# DIRECTIONS
Please repeat exactly the lines below from the line with "La Planta Petrol: Unveiling The Secrets" to the line with "社区老党员龙伏生更是创新宣讲", including both, and leave out every picture.

# EXERCISE INPUT
**********

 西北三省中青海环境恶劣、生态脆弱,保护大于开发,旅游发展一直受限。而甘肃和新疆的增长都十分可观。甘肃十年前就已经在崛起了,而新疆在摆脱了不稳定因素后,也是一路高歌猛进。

**********

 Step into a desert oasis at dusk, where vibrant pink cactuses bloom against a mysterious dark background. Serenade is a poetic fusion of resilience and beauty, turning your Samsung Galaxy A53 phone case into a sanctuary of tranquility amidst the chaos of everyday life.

**********

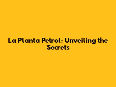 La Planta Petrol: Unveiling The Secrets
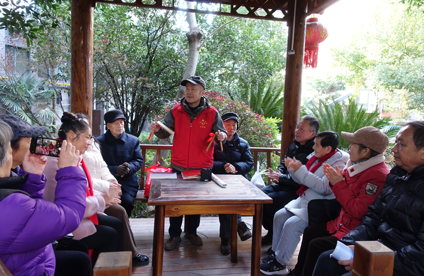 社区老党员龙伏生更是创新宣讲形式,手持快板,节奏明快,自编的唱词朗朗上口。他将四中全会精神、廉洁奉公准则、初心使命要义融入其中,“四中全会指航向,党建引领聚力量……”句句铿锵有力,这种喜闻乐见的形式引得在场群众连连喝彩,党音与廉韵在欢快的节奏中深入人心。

**********

# RESULT BELOW
 La Planta Petrol: Unveiling The Secrets
 社区老党员龙伏生更是创新宣讲形式,手持快板,节奏明快,自编的唱词朗朗上口。他将四中全会精神、廉洁奉公准则、初心使命要义融入其中,“四中全会指航向,党建引领聚力量……”句句铿锵有力,这种喜闻乐见的形式引得在场群众连连喝彩,党音与廉韵在欢快的节奏中深入人心。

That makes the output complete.